| WHAT YOU SHOULD DO |
The listing below holds a line with "Niulatu line Short" and a line with "7月27日,在南宁国际铁路港". Reproduce those two lines exactly, plus everything between them.

| EXTRACTED RECORDS |
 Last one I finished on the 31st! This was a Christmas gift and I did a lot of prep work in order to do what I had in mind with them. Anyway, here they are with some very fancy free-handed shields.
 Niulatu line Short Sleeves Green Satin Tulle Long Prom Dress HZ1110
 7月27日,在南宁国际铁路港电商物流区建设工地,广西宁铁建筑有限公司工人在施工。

...

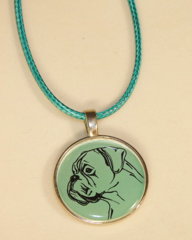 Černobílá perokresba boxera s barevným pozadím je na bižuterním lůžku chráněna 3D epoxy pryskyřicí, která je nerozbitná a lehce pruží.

* * *

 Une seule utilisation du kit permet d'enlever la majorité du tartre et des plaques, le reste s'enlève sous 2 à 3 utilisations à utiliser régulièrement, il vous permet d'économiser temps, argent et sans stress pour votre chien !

| WRITTEN SOLUTION |
 Niulatu line Short Sleeves Green Satin Tulle Long Prom Dress HZ1110
 7月27日,在南宁国际铁路港电商物流区建设工地,广西宁铁建筑有限公司工人在施工。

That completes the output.